=== Supplied records ===
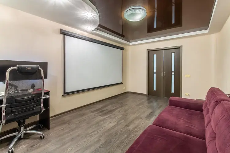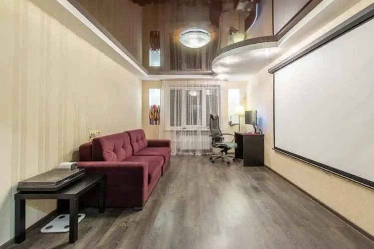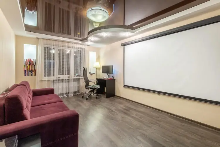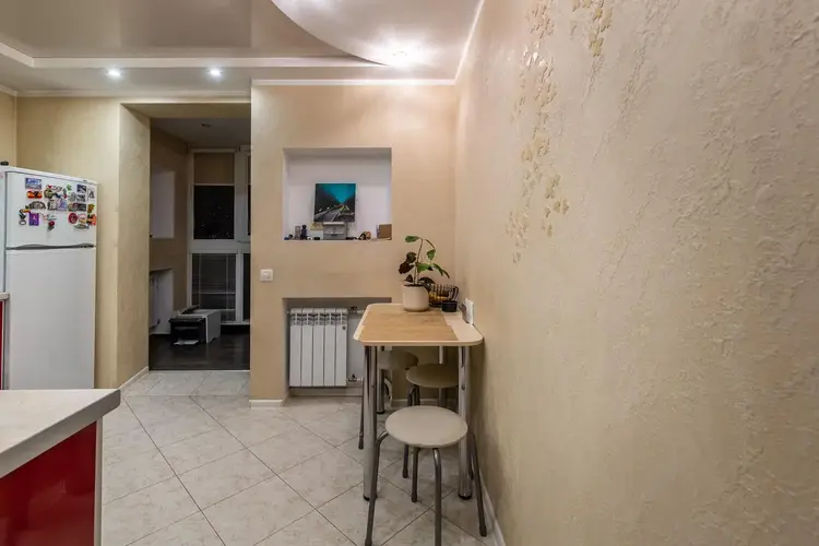 Квартира имеет грамотное планирование и панорамный вид, что создаёт ощущение простора. Площадь кухни 9 м2, есть застеклённая и утеплённая лоджия с подогревом пола. Напольное покрытие выполнено из качественного ламината и плитки.
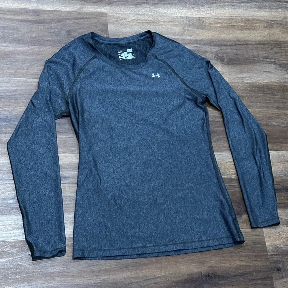 Charcoal heather long sleeve by Under Armour. Features a fitted design with HeatGear technology.
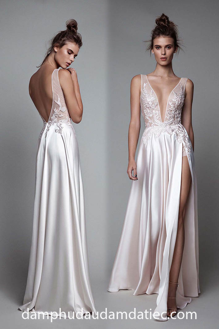 Trong khi đó, kiểu đầm dự tiệc hở lưng xẻ tà sẽ là lựa chọn đầy hấp dẫn cho các cô nàng sành điệu mong muốn thu hút sự chú ý của bất kỳ ai mỗi khi xuất hiện. Sự kết hợp lý tưởng nhất là kiểu cổ áo 2 dây phối cùng chi tiết xẻ ngực sâu phía trước và mở ra tấm lưng trần phía sau, đi cùng đường xẻ tà khoe chân thon để hoàn thiện “combo” quyến rũ mọi ánh nhìn về phía bạn.
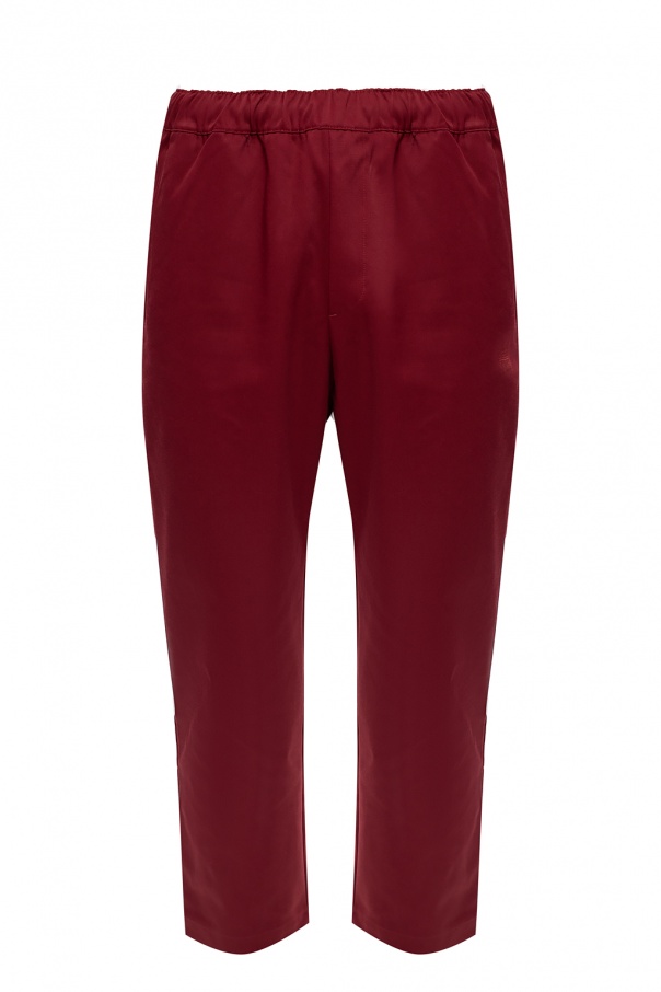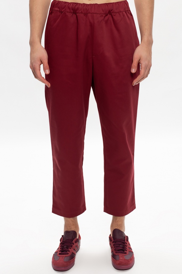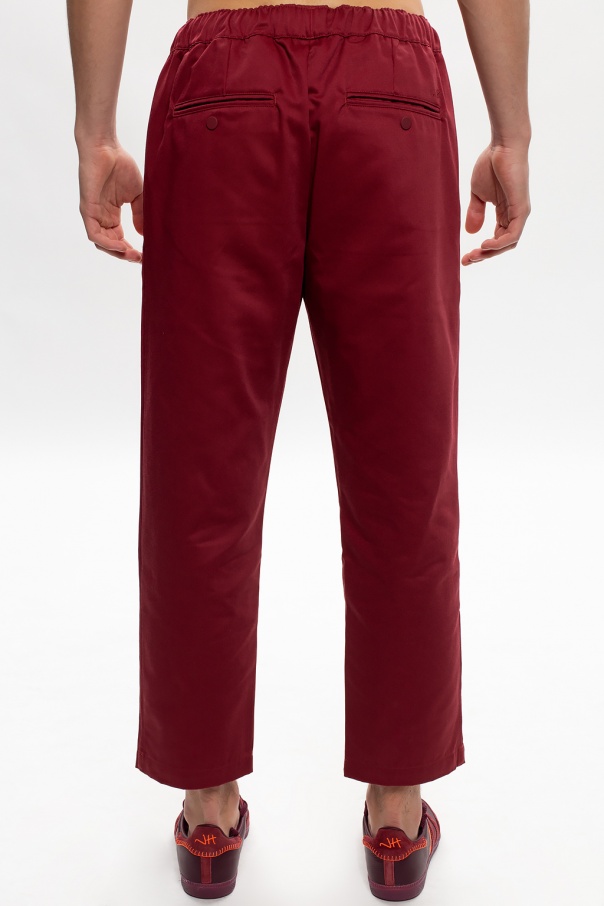 Maroon chino trousers from ADIDAS Originals x Jonah Hill. Boasting relaxed fit embellished with a logo embroidery designed exclusively in partnership with Jonah Hill – an American actor, comedian, writer, director and film producer – this pair falls down with slightly tapered legs and is complete with a drawcord-adjustable waist, two slant front pockets and two button-fastened back pockets.
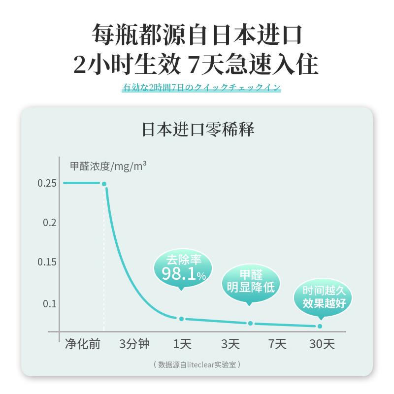 日本进口除甲醛神器光触媒快速去除油漆味新房除TVOC除苯除氨 3瓶
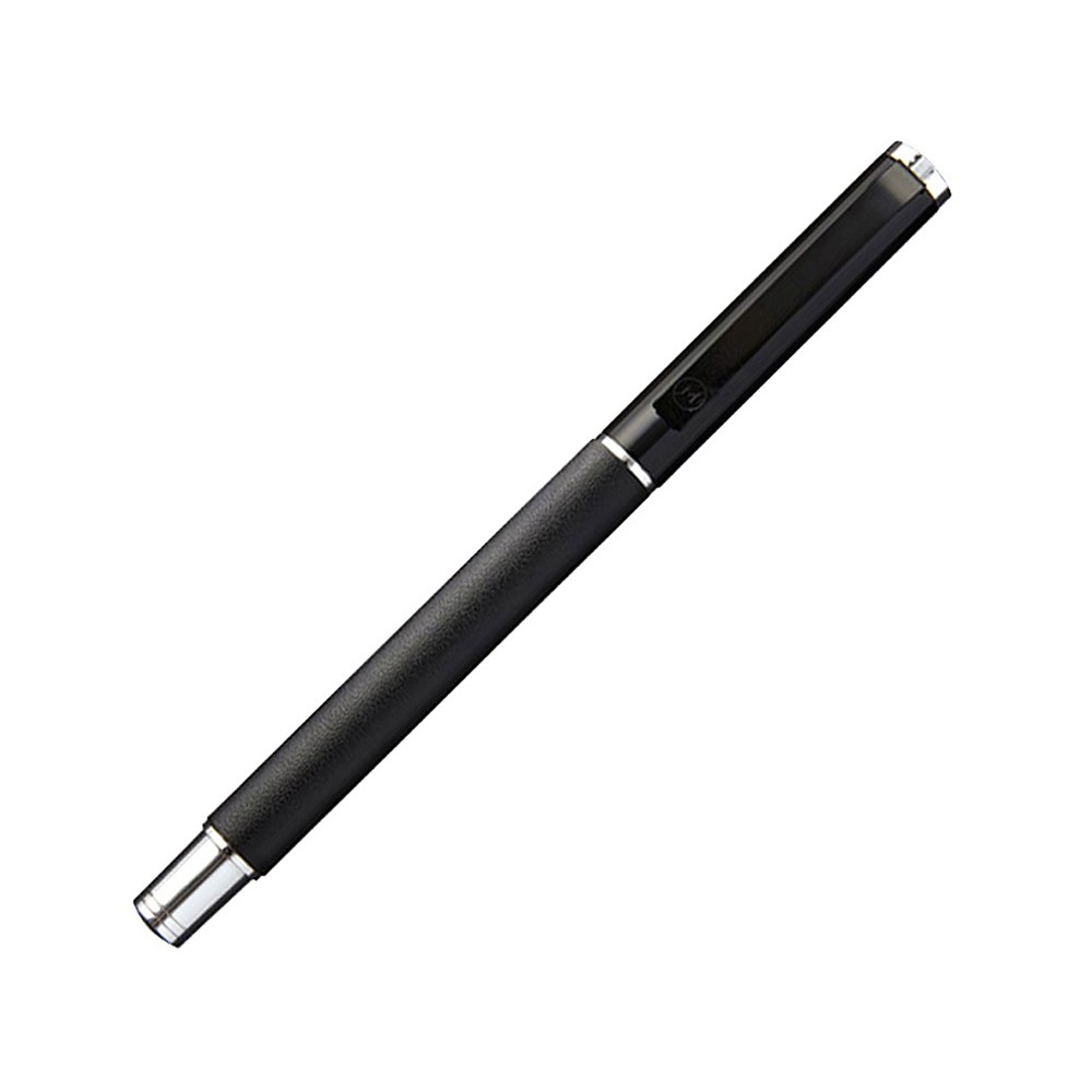 Стильная ручка роллер, с корпусом из искусственной кожи, матовым колпачком и хромированным наконечником станет отличным подарком даже для самых придирчивых клиентов. Черный стержень роллер. Упакована в подарочную коробку.
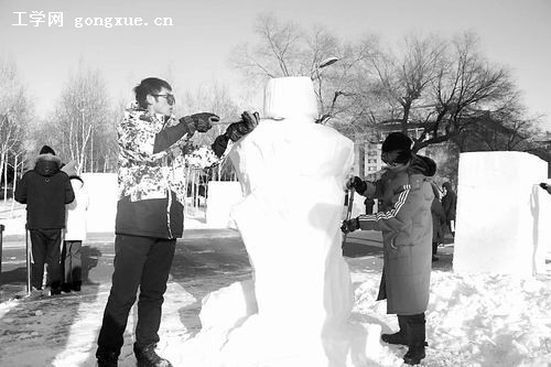 哈尔滨工程大学学子以“环保”为创作主题,正在制作雪雕作品《有用无用》。
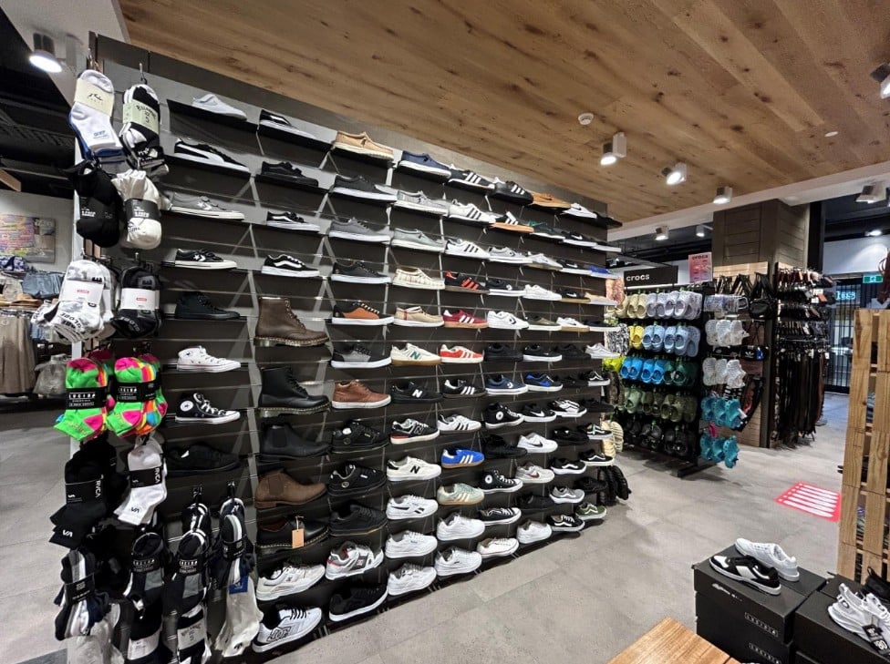 merchandising display products are sneakers, heels, or boots, supermarket, convenience store our shelves
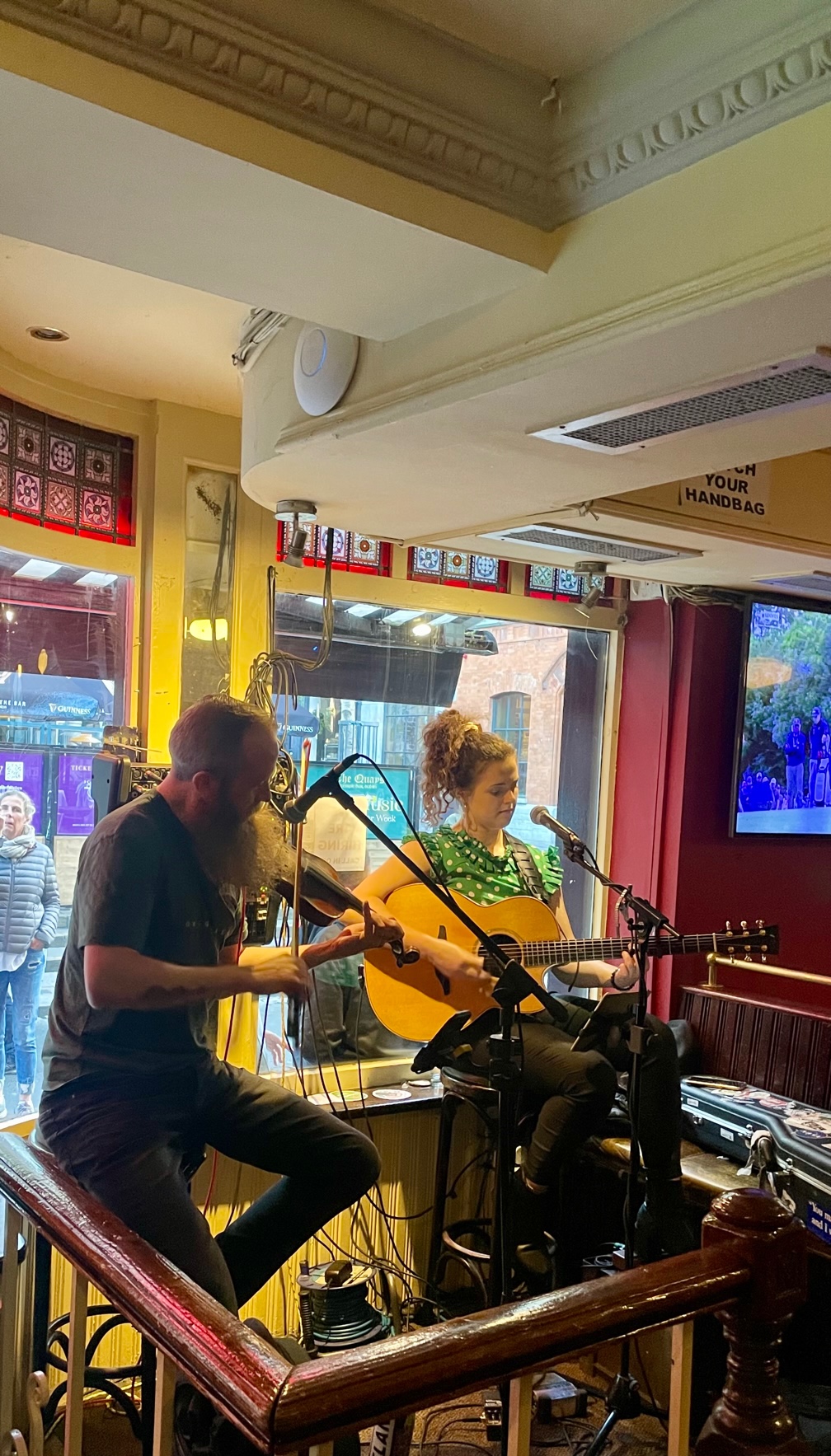 At least, there is an awful lot of Guinness flowing and rowdy singing of songs. Well, some of this is from a rugby club that has crowded into The Quays Bar beside us. If you know rugby — the Guinness and songs flow on Sunday afternoons, win or lose.
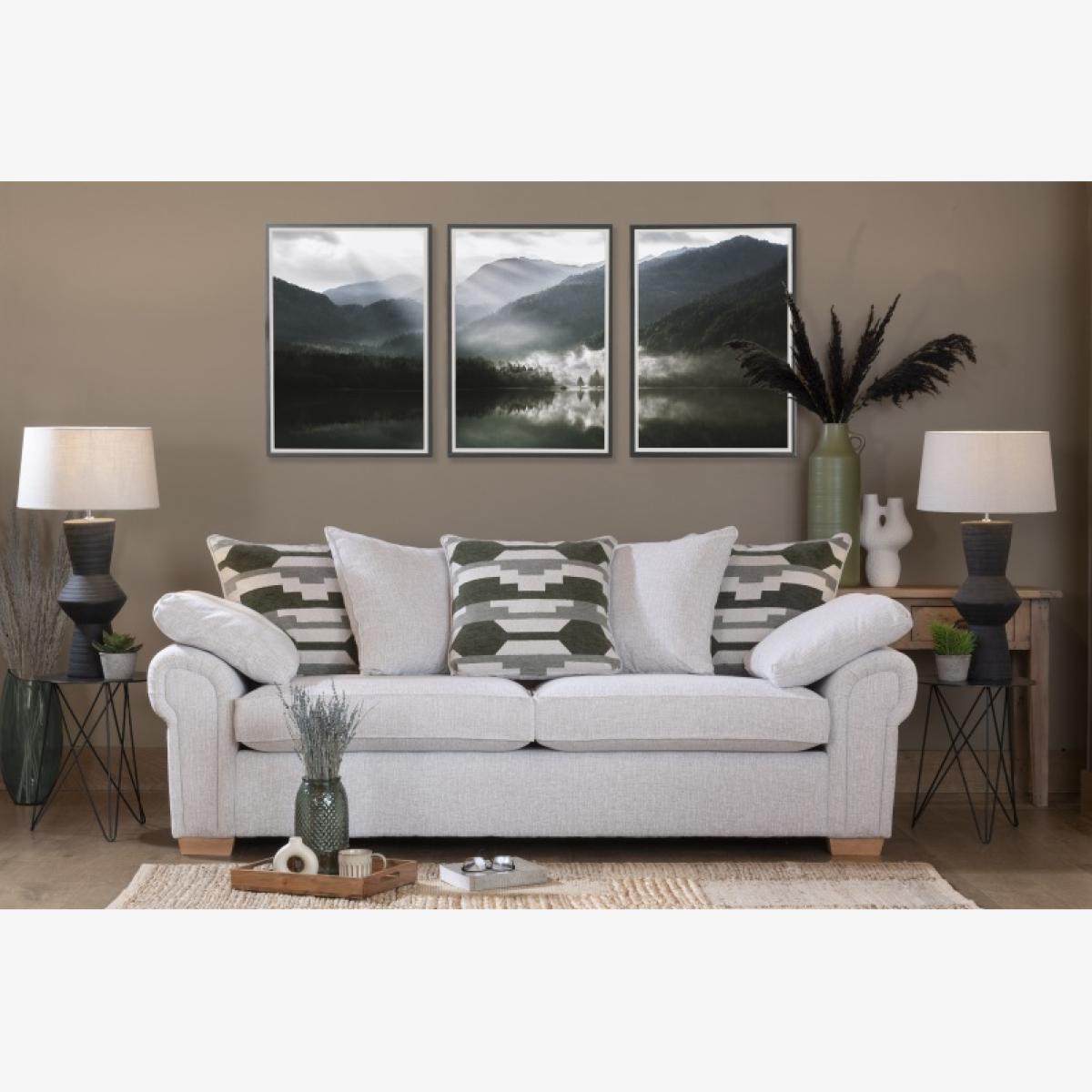 Stretch out in true comfort with the Ava Grand Pillow Back Fabric Sofa — a spacious statement piece designed for those who love to lounge in style. With its oversized silhouette, plush pillow-back cushions, and soft fabric upholstery, this sofa invites you to sink in and stay a while. The generous seating space is perfect for family movie nights, lazy Sundays, or entertaining guests with ease. Each pillow back cushion is thoughtfully designed for sink-in support, while the deep, cushioned seat ensures ultimate relaxation. Finished with subtle detailing and a sturdy frame, the Ava Grand Sofa pairs timeless design with everyday durability. Whether your space is modern, cozy, or somewhere in between, this sofa adds warmth, softness, and undeniable presence. Features: Grand-scale design for maximum lounging space Soft-touch fabric upholstery with a cozy, inviting texture Pillow back design for sink-in comfort and support Deep, plush seating ideal for relaxing or entertaining Built on a strong, durable frame for everyday use 10 year frame guarantee 10 year guarantee on the cold cure seat cushions. Dimensions: Height 100cm Width 231cm Depth 100cm Seat Height 51cm Seat Width 176cm Seat Depth 58cm All screens vary in colour reproduction and whilst every effort has been made to display the colour as accurately as possible it is for guidance only.

=== Problem description ===
An exact copy is needed of the stretch above that opens with the line containing "Maroon chino trousers" and closes with the line containing "日本进口除甲醛神器光触媒快速去除油漆味新房除TVOC除苯除氨 3瓶"; the pictures are not part of it.

=== Response ===
 Maroon chino trousers from ADIDAS Originals x Jonah Hill. Boasting relaxed fit embellished with a logo embroidery designed exclusively in partnership with Jonah Hill – an American actor, comedian, writer, director and film producer – this pair falls down with slightly tapered legs and is complete with a drawcord-adjustable waist, two slant front pockets and two button-fastened back pockets.
 日本进口除甲醛神器光触媒快速去除油漆味新房除TVOC除苯除氨 3瓶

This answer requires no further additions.